Each member of the Leafs’ top-six forwards finished with a dash in the plus/minus column. Mitch Marner did not register a shot on net.

The new-look third unit, featuring teenage sniper Nick Robertson, was built to produce. Yet after Robertson’s Grade-A chance on his first shift, they went quiet.

“That would be by far the hardest game he’s ever played in, I imagine,” Keefe said.

Credit Tortorella’s game plan, and the Jackets’ commitment to it, for drawing first blood in what could well be the series with the thinnest margins for error.

Knotted at 0-0 heading into the third period is where Columbus is comfortable.

This season the Jackets had 12 wins when tied after two. They celebrated 20 one-goal wins. Both marks are the most in the NHL.

Just give them a window.

Ask Frederik Andersen, who was fantastic all night but made one third-period gaffe. The goalie guessed high on an Atkinson wrister from the right wing that zipped far-side over his pad and under his blocker.

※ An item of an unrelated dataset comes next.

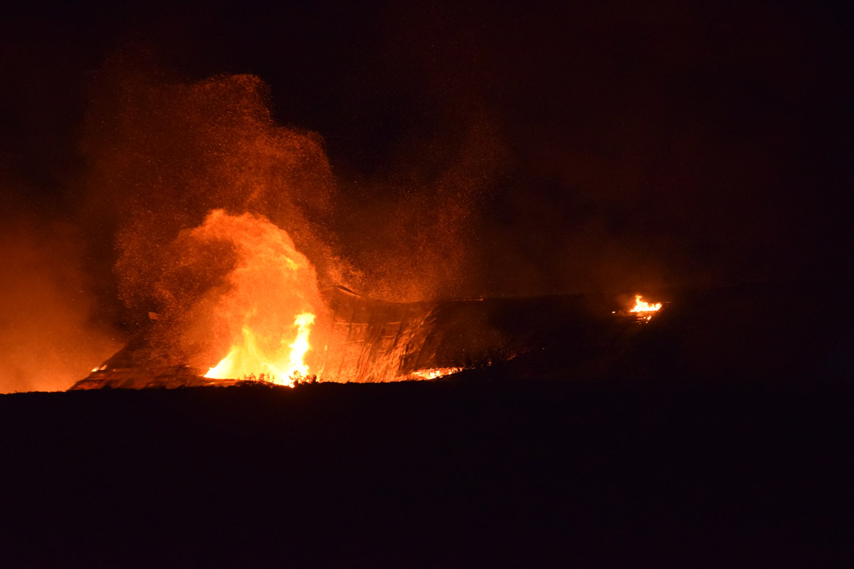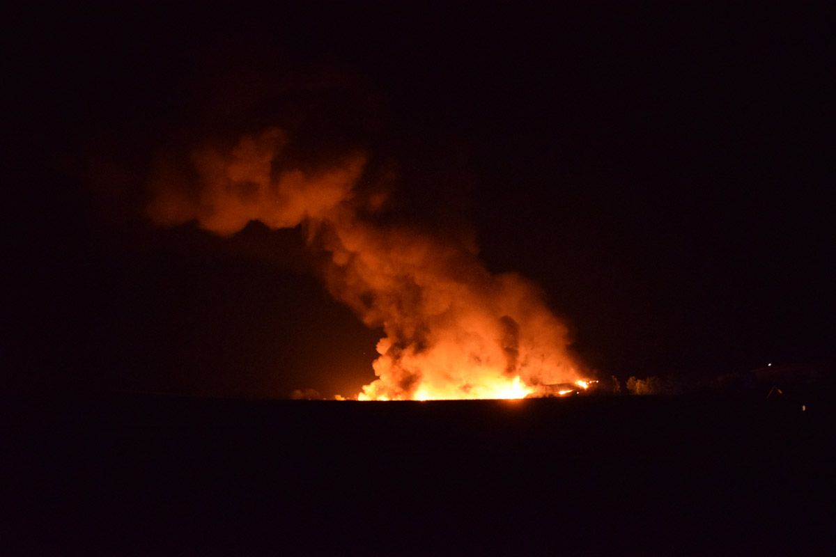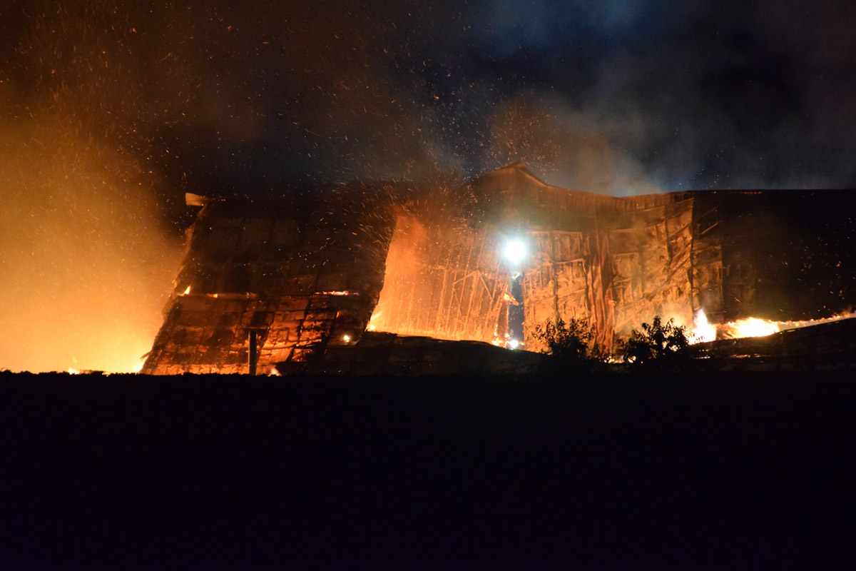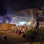 Kirchardt. (pol) Zu einem Großbrand kam es in der vergangenen Nacht in Kirchardt. Gegen 23.00 Uhr gingen bei Polizei und Feuerwehr die ersten Notrufe ein, dass es auf einem Hof in der Grombacher Straße brennen würde. Bei dem Brand kamen zirka 5.000 junge Puten ums Leben. Der Stall brannte völlig nieder. Eine daneben stehende Lagerhalle mit darin gelagerten, zirka 500 Tonnen Weizen, 30 Tonnen Mischfutter sowie 200 Rundballen Stroh fiel ebenfalls den Flammen zum Opfer. Das Übergreifen der Flammen auf eine weitere Stallung für Puten konnte durch den raschen Löschangriff der Feuerwehr verhindert werden. Um genügend Wasser an die Brandörtlichkeit zu bekommen, mussten Löschwassertrassen von über zwei Kilometer aus Kirchhardt gelegt werden. Der Sachschaden liegt ersten Schätzungen nach mindestens zwischen dreieinhalb und vier Millionen Euro. Die Brandursache ist zum jetzigen Zeitpunkt noch unklar. Die Kriminalpolizei hat die Ermittlungen aufgenommen.

“I closed my eyes,” Atkinson said. “I knew where I wanted to shoot. I wasn’t really expecting it to go in, but obviously one of those I’ll take.”

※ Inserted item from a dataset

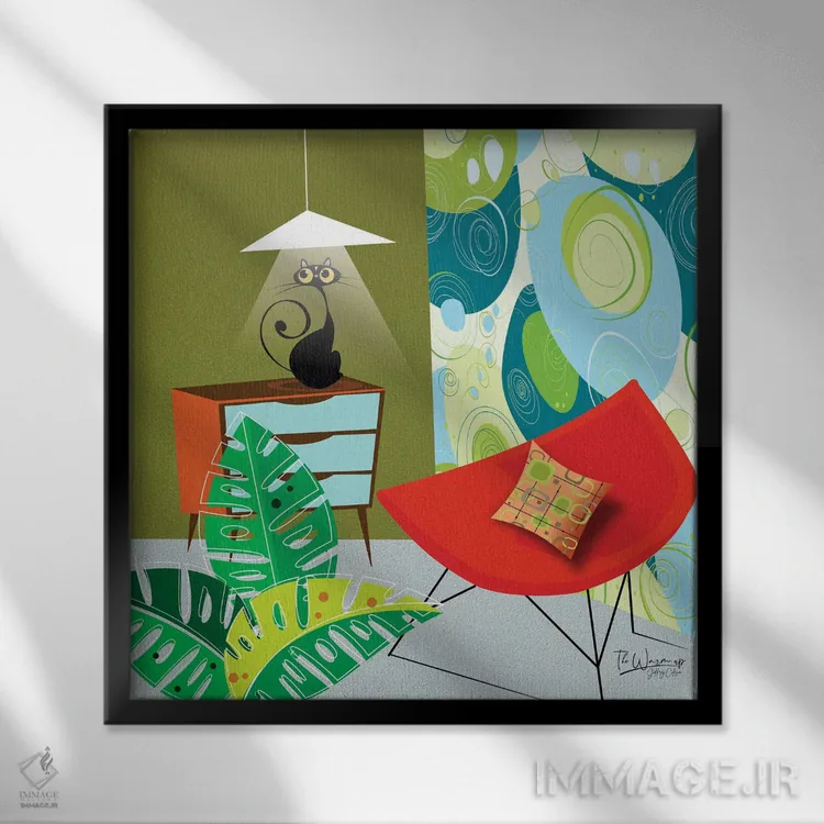 براساس پالت ترکیبی اثر، قاب تیک گرم (چوبی) پیشنهاد اول است و مشکی مات (فریم متوسط) مکمل. برای سفارشهای پروژهای با ابعاد و قابهای اختصاصی با ایماژ در تماس باشید.

After Alexander Wennberg thumped the empty net, Keefe stood by Andersen.

“As far as I’m concerned, he did his job. He kept them to one goal. We have to find a way to get him some help.”

One day at training camp, we asked Keefe if he was ready for this chess match with Tortorella, and the former player assured he was.

Columbus has knocked over the first significant piece and taken a firm step towards planting its own identity all over this best-of-five.

“We can’t lose sight of who we are as a team,” Keefe had reminded in the lead-up. “We need to be really good offensively.”

Tuesday, Game 2, would be a fine time to start.